Les encres de Latifa Echakhch : "Laps" au Mac de Lyon et "À chaque Stencil une révolution" au Hammer Museum

Les encres de Latifa Echakhch : "Laps" au Mac de Lyon et "À chaque Stencil une révolution" au Hammer Museum
Vue de l’exposition de Latifa Echakhch, Laps, au Musée d’art contemporain de Lyon (15 février – 14 avril 2013) Latifa Echakhch, Eivissa (Ibiza), 2010 ; Tambour 29', 2012 ; Tambour 47', 2013 ; Tambour 88', 2013 ; Tambour 28', 2013 ; Tambour 75', 2013
(Courtesy de l’artiste, Galerie Eva Presenhuber, Zurich / kamel mennour, Paris / kaufmann repetto, Milan © photo Blaise Adilon)

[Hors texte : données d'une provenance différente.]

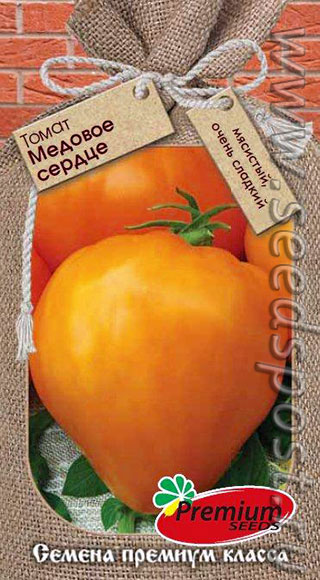 Раннеспелый, детерминантный, высокоурожайный сорт (от полных всходов до созревания плодов 90-94 дня). Не требует формирования стебля. Плод сердцевидный, ярко- оранжевой окраски, массой 120-140 г. Имеет повышенное содержание бета-каротина, что дает возможность использовать для приготовления диетических соков. Плоды мясистые и сладкие, как мед! Сорт устойчив к растрескиванию.
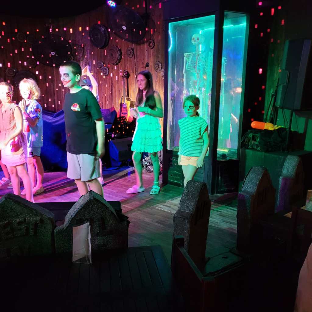 The first performance was based on Disney villains, and the second one had the theme of Ghostbusters. In between these two acts, the characters did karaoke with the children, which was very popular.

Latifa Echakhch a une actualité particulièrement importante cet hiver. L’artiste vient d’inaugurer depuis le 23 février une exposition personnelle au Hammer Museum de Los Angeles, avec une pièce de 2007, À chaque Stencil une révolution, déjà montrée à la Tate en 2008 dans l’exposition « Speakers’ Corner ». Parallèlement, jusqu’au 14 avril, avec son exposition personnelle « Laps », Latifa Echakhch investit 1000 m2 du Musée d’art contemporain de Lyon.

Et ce qui relie l’installation monumentale de 2007 ainsi intitulée d’après une citation de Yasser Arafat, avec cette exposition personnelle de pièces plus récentes de l’artiste est la récurrence de l’utilisation de l’encre. Des révolutions poétiquement contenues dans chaque feuille de papier carbone créant un paysage de différents bleus magnifique de À chaque Stencil une révolution, aux derniers Tambours de 2012, toiles-tondis sur lesquelles elle a projeté de l’encre indienne, à la Mer d’encre, des chapeaux melons imbibés d’encre indienne également, se dessine alors pour Latifa Echakhch un retour au matériau premier de l’écriture.

 

L’on ne peut comprendre l’exposition du Mac de Lyon sans cette pièce tout à fait centrale exposée au Hammer Museum, car avec ses plus récentes installations, le temps de latence, ou le temps suspendu, - dû notamment au processus de production des pièces mais aussi à la référence surréaliste (Magritte) - implique, enveloppe aussi des révoltes.

En effet, l’installation Eivissa présente onze pierres d’un campement de soldats marocains enrôlés de force pendant la guerre civile espagnole au côté de Franco. Ces soldats ont été privés de leur papier d’identité, puis diabolisés par la société espagnole. Découvertes en 2010, pendant l’exposition de Latifa Echakhch au MACBA où avait été montrée pour la première fois l’installation Eivissa, des archives de l’époque de Franco portant sur l’histoire de ces soldats ont été révélées.

Posées sur des cartes de tarot espagnole avec lesquelles l’artiste jouait petite, ces pierres imposantes viennent à leur manière écraser une enfance, la mémoire intime de l’artiste. Elles écrasent également ces cartes du destin, ces identités rayées de l’histoire, entre le passé du Maroc et celui de l’Espagne. Ces pierres semblent être le poids des horreurs de l’histoire coloniale dans l’appréhension intime de l’artiste et dans celle partagée par le spectateur.

Cette surprenante simultanéité de l’actualité personnelle du travail de l’artiste avec l’actualité historique contient avec ces cartes comme quelque chose de divinatoire aussi. Alors, entre les tondis, les pierres, les cartes et les chapeaux melons, entrent en jeu des problématiques entre le sacré et le profane. L’exposition « Laps » serait ainsi comme en latence dans les stencils du Hammer Museum.